We present seven new abundance measurements of the elements O , C and Si at z > 4.5 , doubling the existing sample of weakly depleted elements in gas-rich galaxies , in order to constrain the first \sim 1 billion years of cosmic metal evolution .
These measurements are based on quasar spectra of damped Lyman-alpha absorbers ( DLAs ) and sub-DLAs obtained with the Magellan Inamori Kyocera Echelle ( MIKE ) and Magellan Echellette ( MagE ) spectrographs on Magellan-South , and the X-Shooter spectrograph on the Very Large Telescope .

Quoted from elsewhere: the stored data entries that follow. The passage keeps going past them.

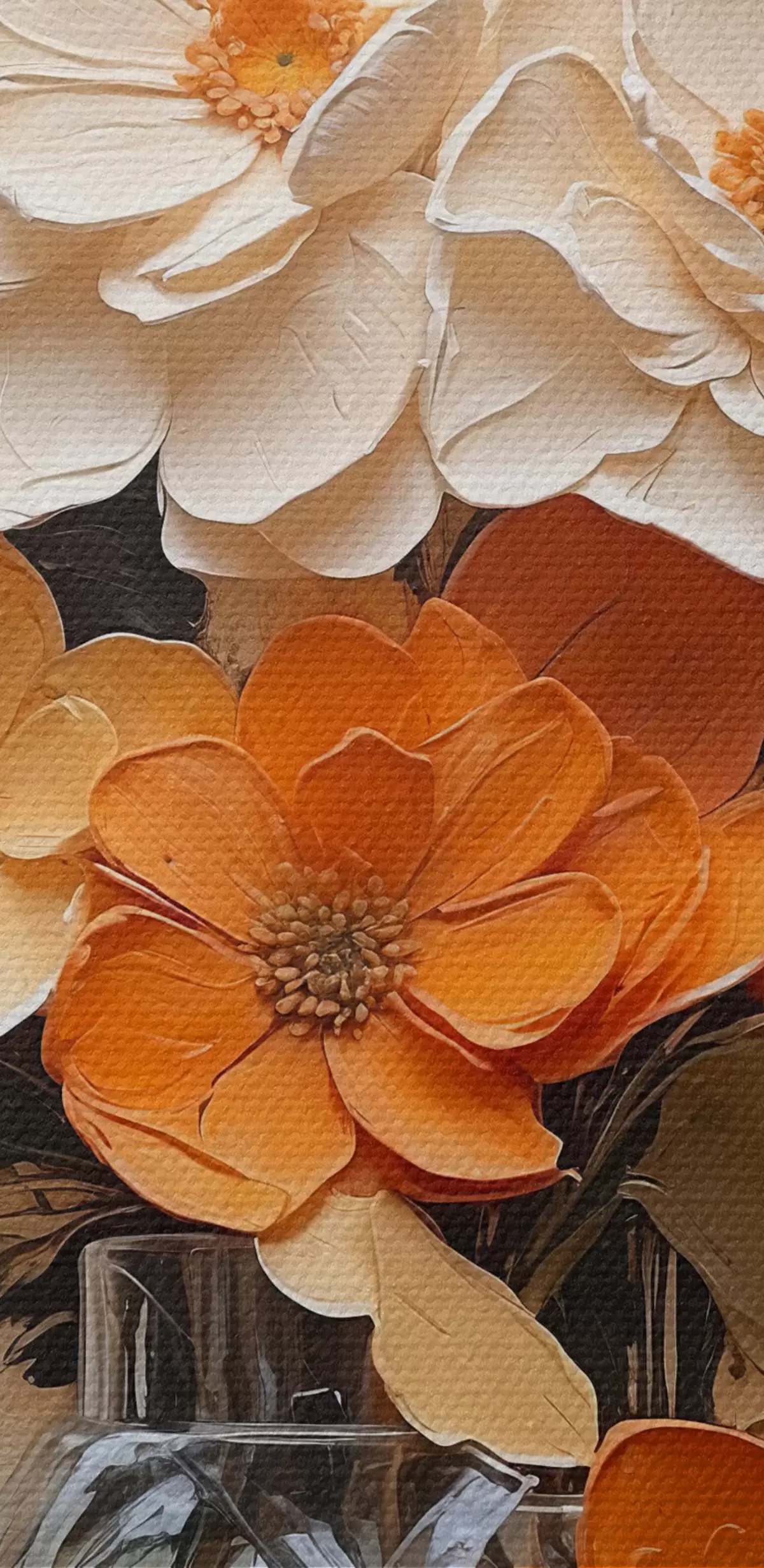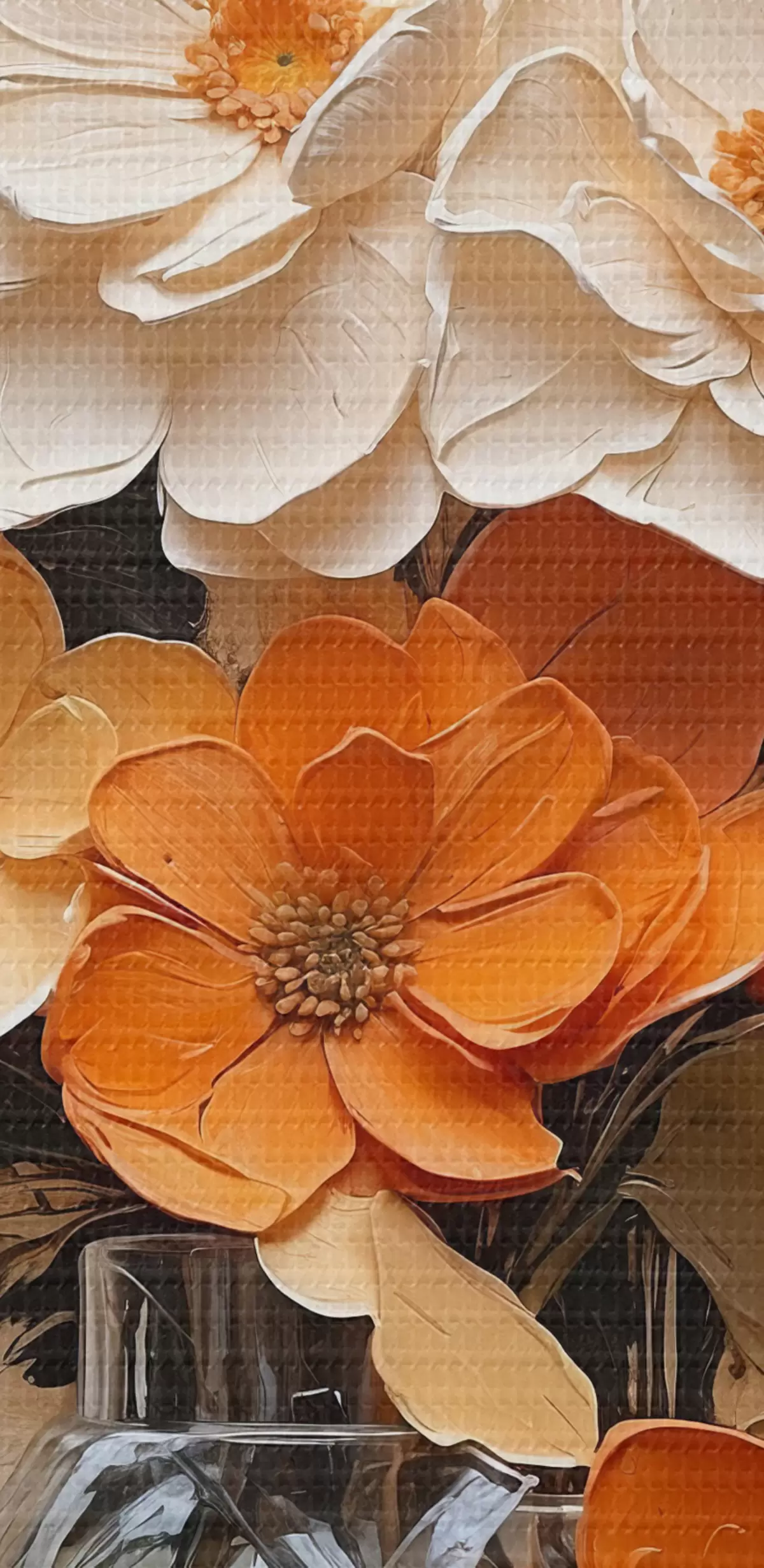 Tableau Fleurs dans un vase à l'huile sur fond beige s38673
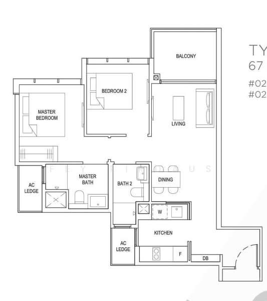 721 sqft one of the bigger 2 bedder in the development
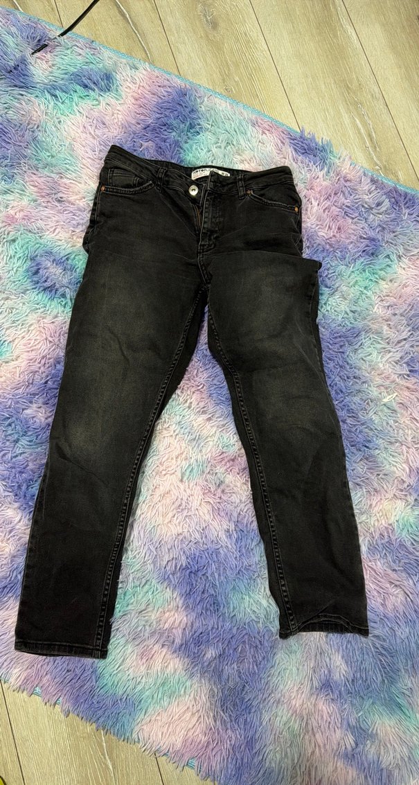 Mom fit s/M uyumlu Gri renkte, bağcıklı detaylı, salaş kesim kot pantolon. Normal boyda ve koyu renk tonlarında batik desenli, günlük kullanıma uygun.
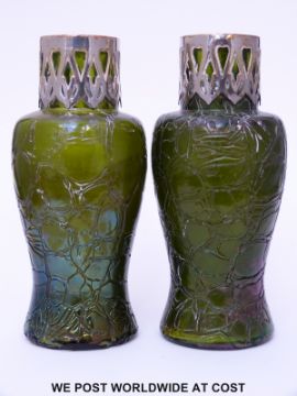 A pair of Kralik crackle iridescent glass vases of waisted form with pierced chrome metal mounts (15cm tall)
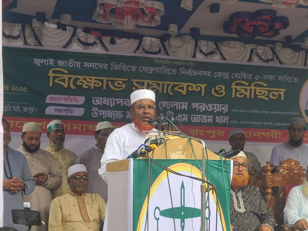 গতকাল শুক্রবার তিনি বিকেলে বাংলাদেশ জামায়াতে ইসলামী রংপুর মহানগর শাখার উদ্যোগে স্থানীয় পাবলিক লাইব্রেরী মাঠে জুলাই জাতীয় সনদের ভিত্তিতে ফেব্রুয়ারীতে নির্বাচনসহ ৫ দফা দাবীতে আয়োজিত বিক্ষোভ পুর্ব সমাবেশে প্রধান অতিথির বক্তব্যে একথা বলেন।
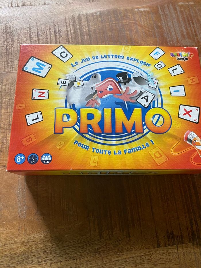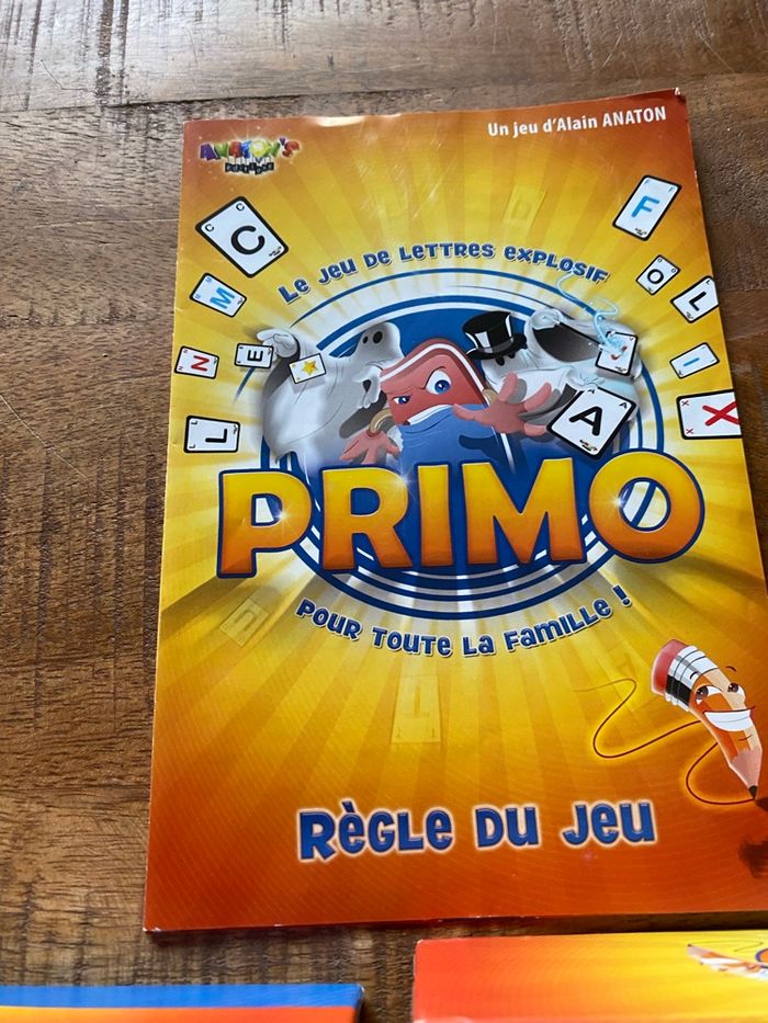 À vendre, jeu de société PRIMO de chez Anaton's Editions. Un jeu de lettres dynamique, addictif et "explosif" pour toute la famille ! Le but est simple : être le premier à composer 4 mots (de 3, 4, 5 et 6 lettres), mais attention aux cartes "Attaque" de vos adversaires qui viennent pimenter la partie. • État : Très bon état (voir photos). • Contenu : Complet (110 cartes, boîte de rangement et règle du jeu incluse). • Nombre de joueurs : 1 à 6 joueurs. • Âge : À partir de 8 ans.

We combine these new measurements with those drawn from the literature to estimate the N _ { H I } -weighted binned mean metallicity of -1.51 \pm 0.18 at z = 4.8 .

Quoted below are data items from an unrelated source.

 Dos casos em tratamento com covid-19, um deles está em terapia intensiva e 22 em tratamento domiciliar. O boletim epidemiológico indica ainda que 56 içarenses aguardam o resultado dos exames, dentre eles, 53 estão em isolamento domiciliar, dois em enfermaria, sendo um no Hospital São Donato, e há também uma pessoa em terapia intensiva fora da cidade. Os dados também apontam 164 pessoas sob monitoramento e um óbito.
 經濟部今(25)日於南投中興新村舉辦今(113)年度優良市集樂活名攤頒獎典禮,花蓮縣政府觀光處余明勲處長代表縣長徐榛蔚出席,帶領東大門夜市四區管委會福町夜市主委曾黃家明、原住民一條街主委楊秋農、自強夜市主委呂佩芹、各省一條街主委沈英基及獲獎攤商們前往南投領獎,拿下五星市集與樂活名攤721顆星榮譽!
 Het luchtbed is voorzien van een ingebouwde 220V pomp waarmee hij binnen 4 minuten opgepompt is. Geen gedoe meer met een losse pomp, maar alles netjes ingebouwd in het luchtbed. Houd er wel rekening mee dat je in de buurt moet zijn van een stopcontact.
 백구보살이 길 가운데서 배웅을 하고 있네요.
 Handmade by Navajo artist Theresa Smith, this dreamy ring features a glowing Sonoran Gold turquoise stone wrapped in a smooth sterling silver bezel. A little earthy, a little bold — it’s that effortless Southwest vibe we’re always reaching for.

This metallicity value is in excellent agreement with the prediction from lower redshift DLAs , supporting the interpretation that the metallicity evolution is smooth at z \sim 5 , rather than showing a sudden decline at z > 4.7 .
Furthermore , the metallicity evolution trends for the DLAs and sub-DLAs are similar within our uncertainties .

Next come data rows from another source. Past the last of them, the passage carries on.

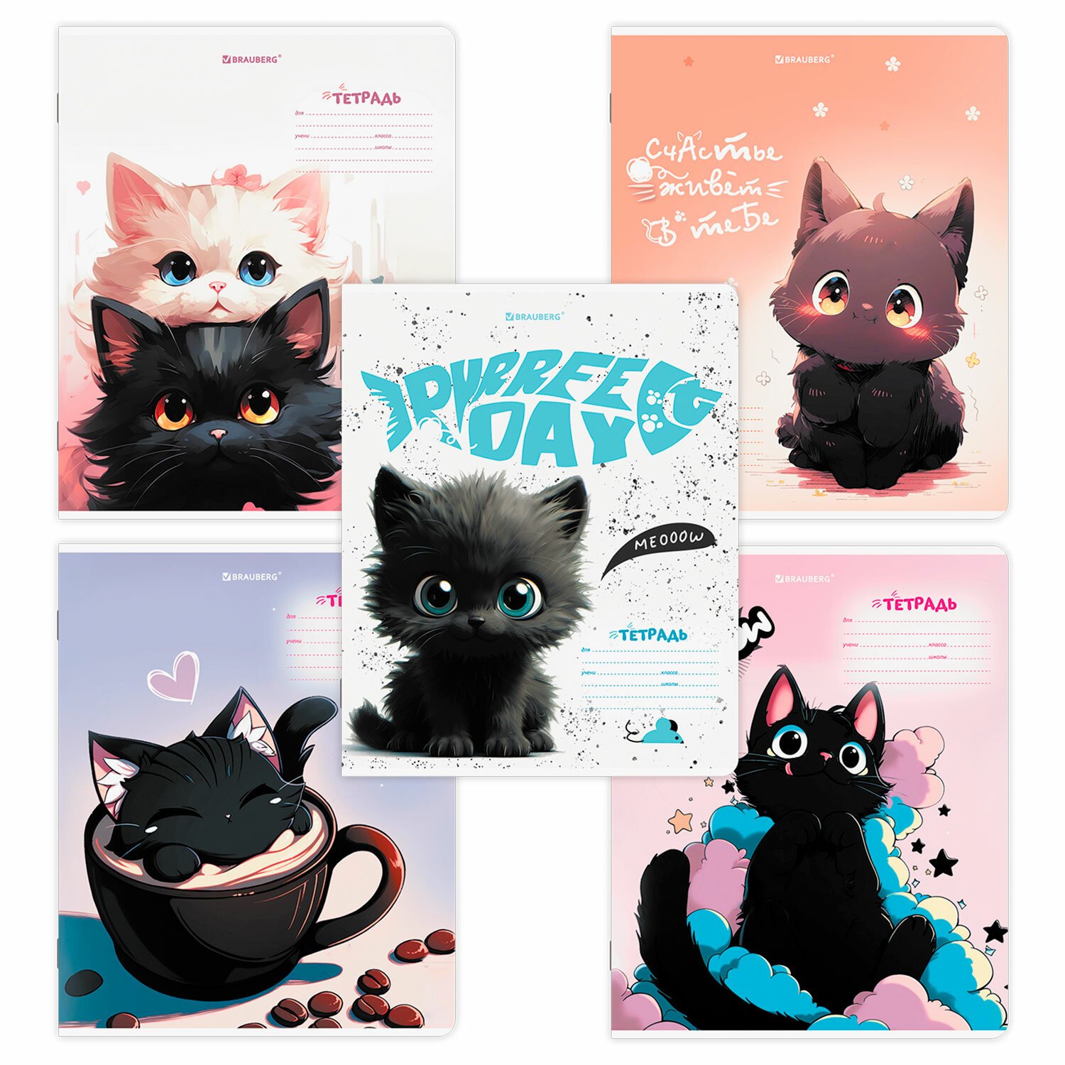 Тетради ДЭК 18 л. КОМПЛЕКТ 10 шт. BRAUBERG, клетка, обложка картон, "КОТИКИ", 107335
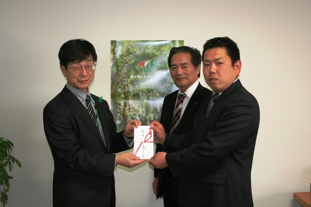 4月16日(木)に、LPガス供給事業により、県民の暮らしの安全と福祉の増進に寄与されている(一社)滋賀県LPガス協会様から、昨年に引き続き募金をいただきました。いただいた募金は湖国の豊かな森林・緑を守り育てるために活用させていただきます。ありがとうございました。
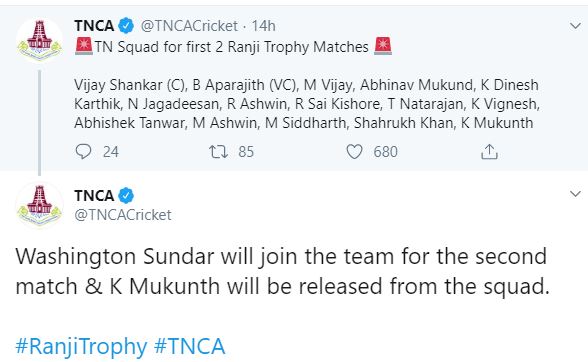 Chennai (Tamil Nadu) [India], Dec 3 : All-rounder Vijay Shankar will be leading Tamil Nadu in the first two matches of the upcoming Ranji Trophy, Tamil Nadu Cricket...

We also find that the [ C/O ] ratios for z \sim 5 DLAs are consistent with those of the very metal-poor DLAs .
Additionally , using [ C/O ] and [ Si/O ] to constrain the nucleosynthesis models , we estimate that the probability distributions of the progenitor star masses for three relatively metal-poor DLAs are centered around 12 M _ { \odot } to 17 M _ { \odot } .
Finally , the z \sim 5 absorbers show a different metallicity-velocity dispersion relation than lower redshift DLAs , suggesting that they may be tracing a different population of galaxies .